Do you bother with mining? What does your mining setup look like?

As with Kethane and Karbonite before it, there is no justification whatsoever in setting up a complex Ore refueling system within Kerbin's SOI. You spend more money setting it up than you'll ever recoup from using it, and using it entails needless delays and complications in doing whatever you want to the fuel for (which is why you'll never use it enough to pay it off). Within Kerbin's SOI, it's far, far, far easier, cheaper, and less time-consuming just to launch with whatever fuel you need, or send fuel out to Mun or Minmus from Kerbin.

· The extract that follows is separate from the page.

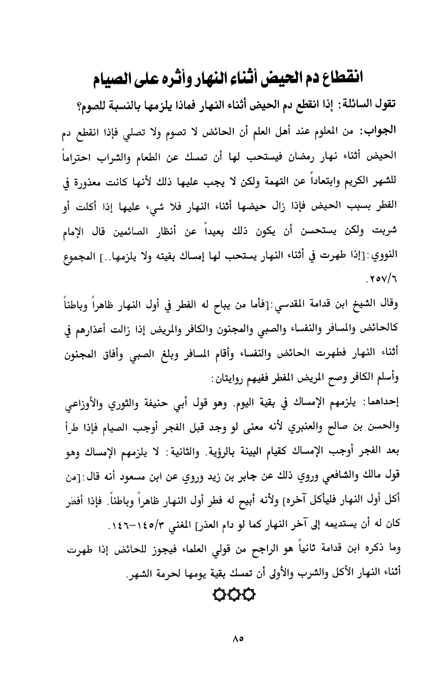 وما ذكره ابن قدامة ثانياً هو الراجح من قولي العلماء فيجوز للحائض إذا طهرت أثناء النهار الأكل والشرب والأولى أن تمسك بقية يومها لحرمة الشهر.
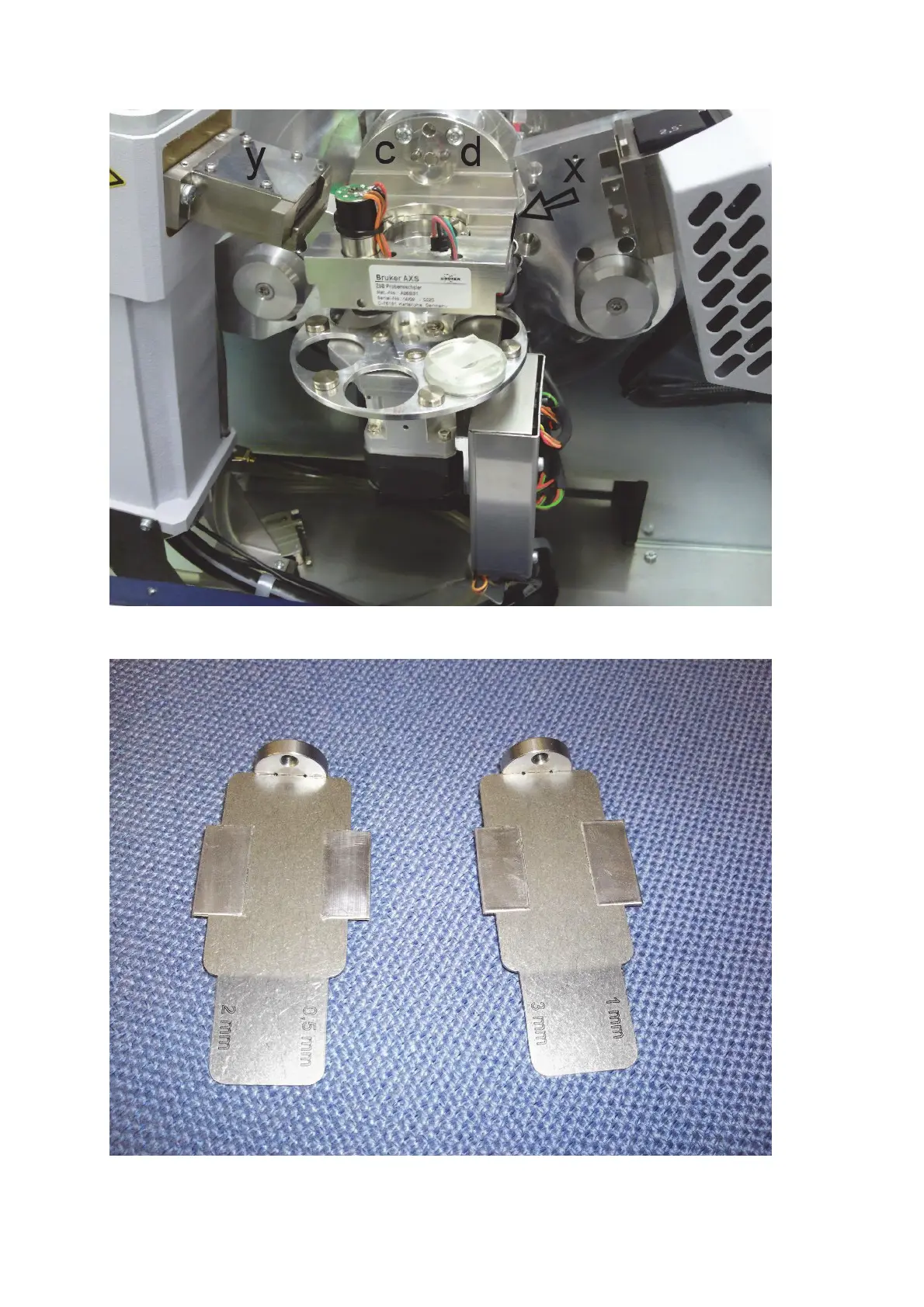 Fig 139 Sample changer is fixed by 4 screws (c) and (d). (x) is the primary beam stop and (y) the lid

Where Ore (and Kethane and Karbonite) comes to the fore is at other planets. And then only if you're into building large, permanent colonies there, and plan to spend most of your playing time messing with stuff in those colonies. If you're just going to another planet for flags and footprints, then don't bother setting anything up there. Your 1 there-and-back ship might be able to make its own fuel, but the mass of the equipment largely negates any savings on fuel mass for a 1-time thing. But if you have a continuing and fairly high level of local fuel consumption (such as going forth and back among the moons of Jool and flying a lot of planes on Laythe), then being to make your own fuel out there is pretty much essential and at lot less of a worry than having to continuously send tankers out there.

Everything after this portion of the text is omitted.